> [WORKING DATA]:
• • • •

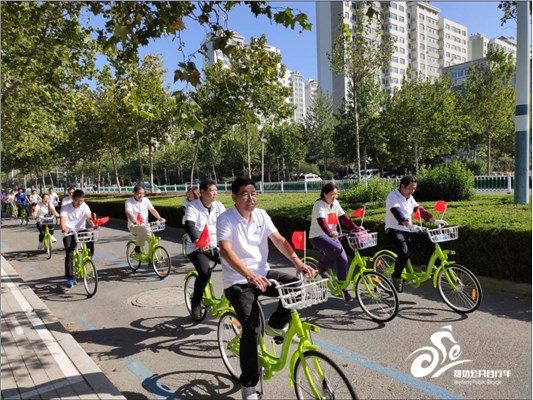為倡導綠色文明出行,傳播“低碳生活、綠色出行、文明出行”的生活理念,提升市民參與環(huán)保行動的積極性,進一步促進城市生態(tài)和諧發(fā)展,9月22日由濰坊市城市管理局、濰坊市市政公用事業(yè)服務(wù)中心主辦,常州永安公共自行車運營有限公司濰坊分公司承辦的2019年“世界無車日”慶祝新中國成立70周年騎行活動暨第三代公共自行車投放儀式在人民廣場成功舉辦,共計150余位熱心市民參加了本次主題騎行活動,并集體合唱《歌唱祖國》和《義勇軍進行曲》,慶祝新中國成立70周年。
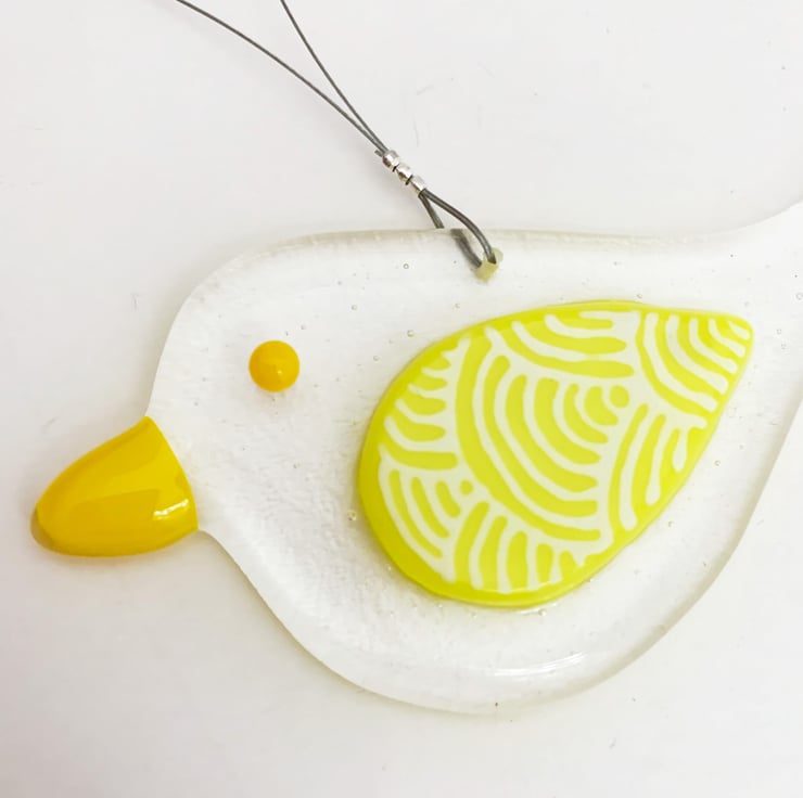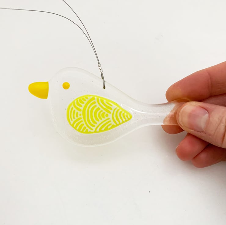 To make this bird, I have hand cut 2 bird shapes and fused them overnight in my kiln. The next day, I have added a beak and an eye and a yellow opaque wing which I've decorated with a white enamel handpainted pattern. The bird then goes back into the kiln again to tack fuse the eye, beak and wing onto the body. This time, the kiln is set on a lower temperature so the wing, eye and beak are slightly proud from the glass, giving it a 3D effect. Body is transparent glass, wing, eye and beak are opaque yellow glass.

• • • •

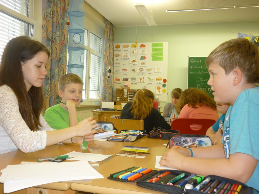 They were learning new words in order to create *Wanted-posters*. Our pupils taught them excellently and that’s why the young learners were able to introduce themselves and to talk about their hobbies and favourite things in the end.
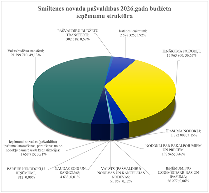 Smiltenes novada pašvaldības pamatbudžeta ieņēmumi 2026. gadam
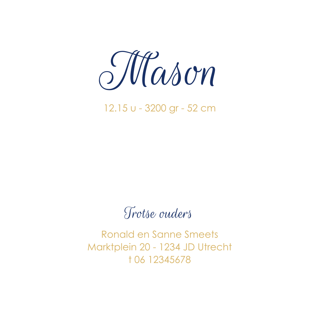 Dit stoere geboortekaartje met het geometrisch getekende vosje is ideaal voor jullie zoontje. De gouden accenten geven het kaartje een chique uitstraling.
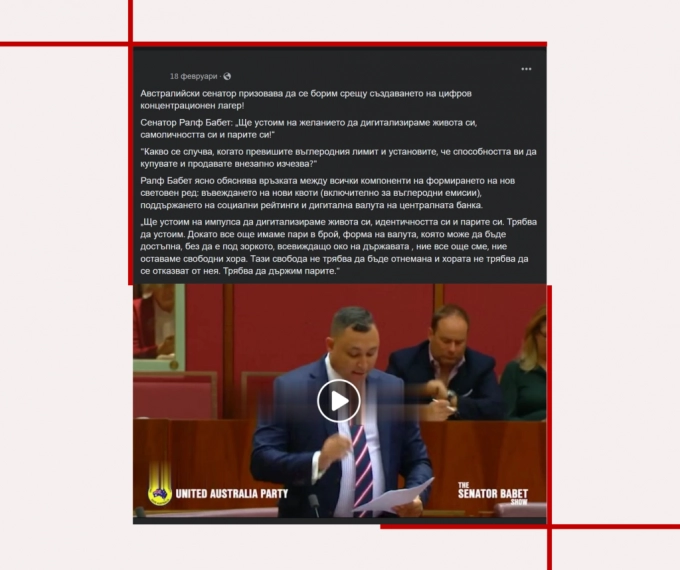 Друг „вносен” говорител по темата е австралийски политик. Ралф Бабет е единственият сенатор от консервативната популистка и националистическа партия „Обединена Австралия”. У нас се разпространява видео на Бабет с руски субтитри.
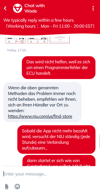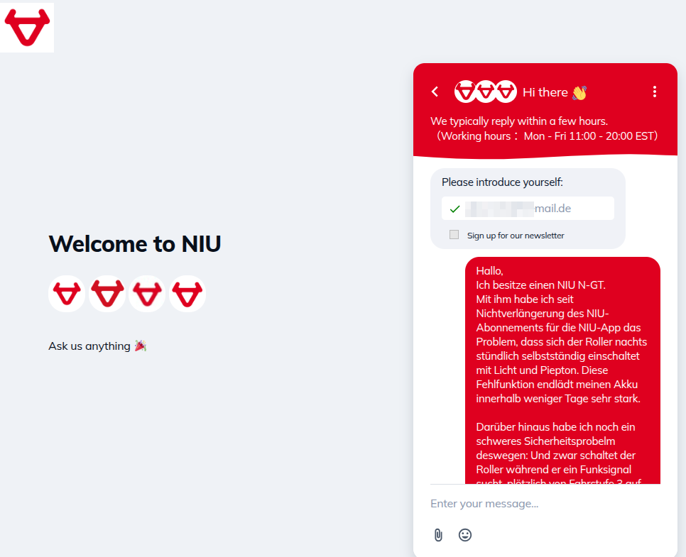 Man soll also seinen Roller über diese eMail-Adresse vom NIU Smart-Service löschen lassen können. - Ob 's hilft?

• • • •

> [THE TASK]: Above, find the line holding "с руски субтитри." and the line holding "Man soll also". Print exactly those two lines and every line between them, but no pictures.

> [PROBLEM SOLUTION]:
 Друг „вносен” говорител по темата е австралийски политик. Ралф Бабет е единственият сенатор от консервативната популистка и националистическа партия „Обединена Австралия”. У нас се разпространява видео на Бабет с руски субтитри.
 Man soll also seinen Roller über diese eMail-Adresse vom NIU Smart-Service löschen lassen können. - Ob 's hilft?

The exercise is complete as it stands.